Written by Sarah NEGEDU

2016 budget: FIRS targets non-oil sector

As the debate for alternative sources of revenue to fund the 2016 budget deeps, the Federal Inland Revenue Service, FIRS, has given the assurance that it will generate N4.695 trillion from the non-oil sector to finance the budget.

Executive chairman of the FIRS, Mr. Babatunde Fowler, who gave the assurance at the 2016 Annual Corporate Strategy Retreat of the service, said a total of N2tn is expected to be generated from Value Added Tax, while N1.87tn to be generated from companies’ income tax.

An additional N800bn will be generated from the petroleum profit tax and another n180bn from education tax and the national information technology development fund’s N20bn.

According to Fowler, “We have proposed a revenue target of N4.957tn for 2016. This target is largely dependent on non-oil collections and in particular, VAT will account for N2tn while CIT is expected to account for N1.87tn.

“Between them, these two taxes are expected to provide almost 80 percent of our collection in 2016. We therefore have our work cut out and there is no room for complacency.”

Expressing his displeasure over the inability of the FIRS to collect the N4.57 trillion target of 2015, the chairman said the service generated N3.743 trillion due to significant drop in oil taxes, just as it was short of meeting the target for non-oil taxes, VAT and CIT.

Fowler disclosed that from the VAT, the sum of N767.33bn was generated out of a revenue target of N1.28tn, out of a target N1.48tn for PPT, N1.28tn was generated while in the area of CIT, N1.29tn was collected from the target of N1.51tn.

The former Lagos state tax administrator however expressed confidence that FIRS in 2016 would not only meet the revenue target but surpass it.

In his remarks at the event, Minister of Budget and National Planning, Udo Udoma, said the reforms being carried out in agencies of government have provided a platform to generate additional revenue from non-oil sources.

The minister, who was represented by the permanent secretary in the ministry, Mrs.
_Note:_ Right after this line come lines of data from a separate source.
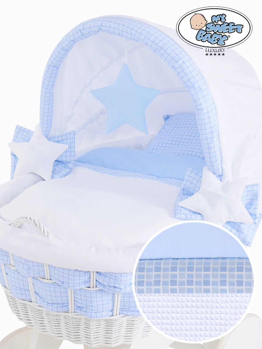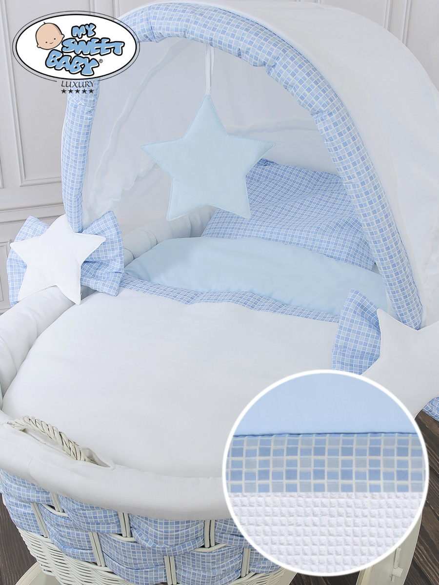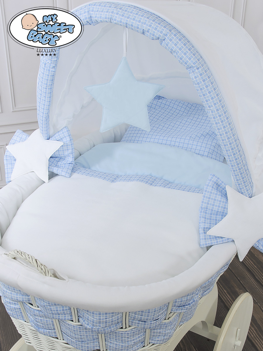 Hjemmeside » Kurvevugge » Babyvugge My Sweet Baby Luxury » Babyvugge med Kaleche » Babyvugge med Kaleche » Babykurv med hjul naturlig vidje og træ kaleche Hannah Blåt-Hvidt Zigzag Sengesæt Isabella
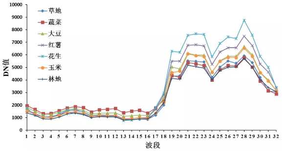 我們將實地提取的農作物進行分析得出平均光譜,如下圖所示,將農作物分為玉米、紅薯、大豆、花生、蔬菜、草地、林地、其他植被和非植被(水體、建筑、裸地和道路)。
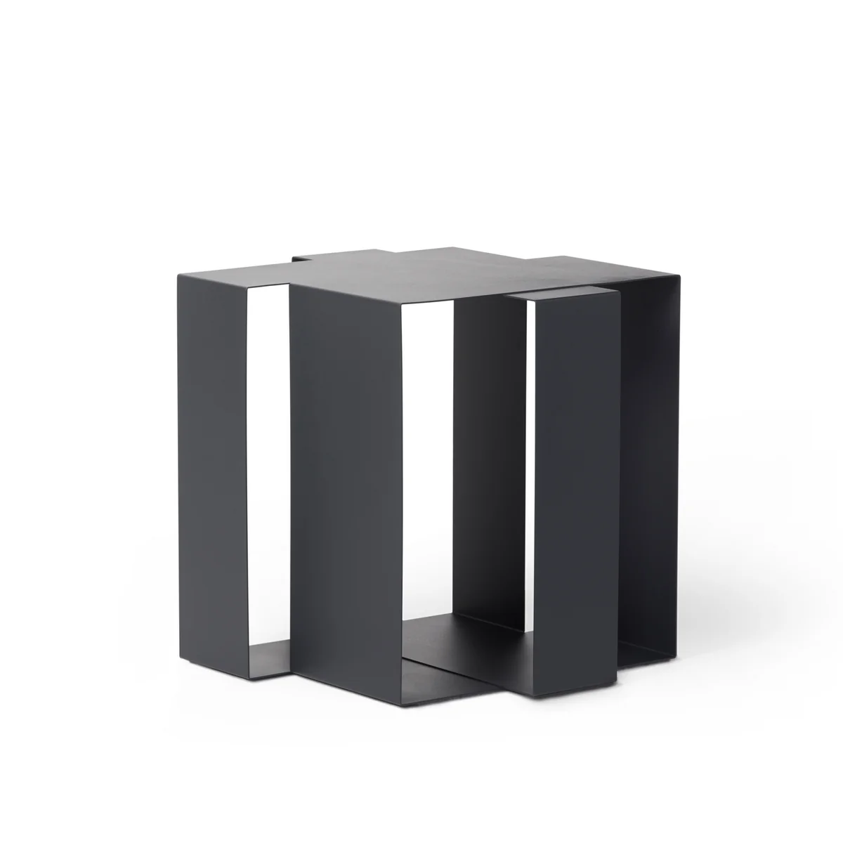 De bijzettafel is gemaakt van gepoedercoat staal en is verkrijgbaar in verschillende kleuren. Horizontaal of verticaal gepositioneerd is de Shifted Square decoratief en praktisch naast de bank in de woonkamer of naast het bed in de slaapkamer. Door de luchtige constructie kunt u ook tijdschriften, kranten, dekens en nog veel meer onder de plank opbergen.

Fatimah Nana Mede, said Nigeria is yet to take advantage of its size as the largest economy in Africa to generate enough revenue from non-oil sources as Nigeria’s tax to GDP ratio still falls below global average.

He said increased non-oil revenue would be achieved through multi-faceted channels, including a comprehensive audit, compliance to spending guidelines by Government Owned Enterprises, GOEs, with a view to enhancing independent revenue remittance from N489.29 billion in 2015 to N1.5 trillion in 2016.
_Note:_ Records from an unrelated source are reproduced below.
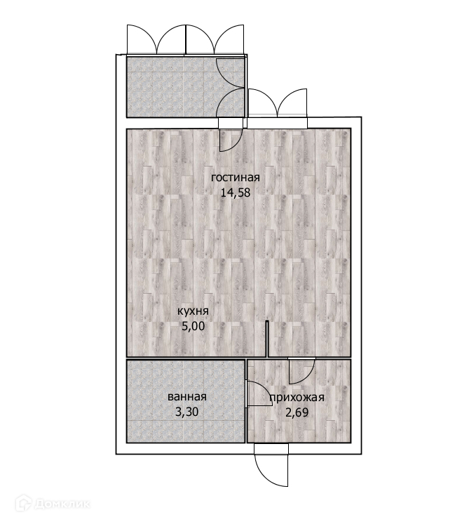 Общая площадь 26.5 м2
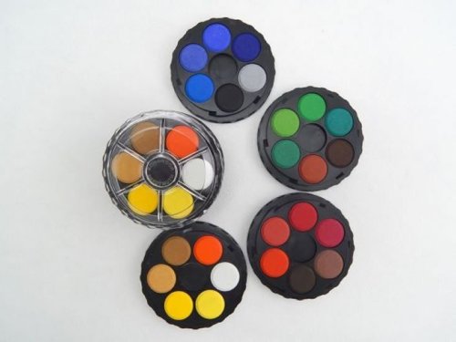 Školní vodové barvy 24 odstínů s tabletami o průměru 22,5 mm v kulatých, plastových, čtyřpatrových barevnících. Barvy jsou výrazné, vyznačují se svým vysokým obsahem pigmentů. Jsou certifikované a zcela bezpečné pro děti.
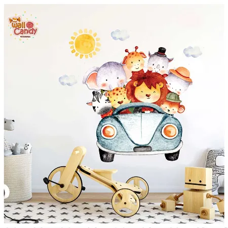 برچسب دیواری ماشین حیوانات آبرنگی
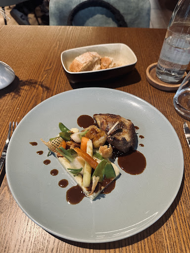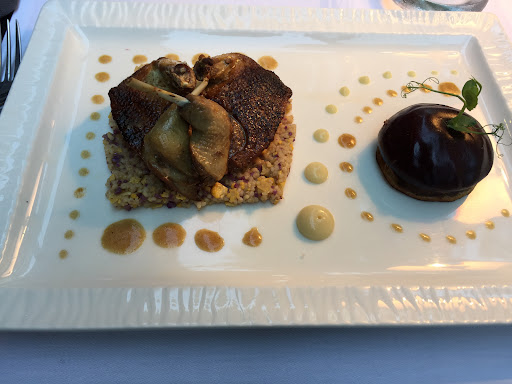 The meat (pigeon) was supposed to be rare but it was medium...it also was not seasoned very well. The garlic dots tasted like raw garlic...not good. Everything else on the plate was just okay and under seasoned.
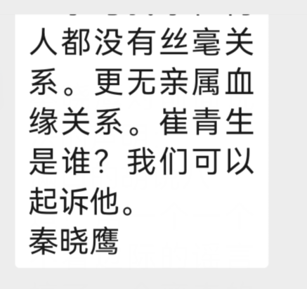 原劉少奇秘書,外交部領事司司長秦力真之子秦曉鷹微信群發文,澄清謠言:“秦剛和坊間所傳之事與我家任何人都沒有絲毫關係。更無親屬血緣關係。崔青生是誰?我們可以起訴他。”

Other avenues include the full implementation of the Treasury Single Account to generate N900 billion operating surplus from the Central Bank of Nigeria, Nigerian National Petroleum Corporation and the Nigerian Maritime and Safety Agency, NIMASA.

He said Nigeria will also look at broadening tax base and improving efficiency in tax refined collection expected to raise VAT collection to N1.42 trillion in 2016 from N1.34 trillion in 2015 and funds recovery in the region of N162.43 from NPDC.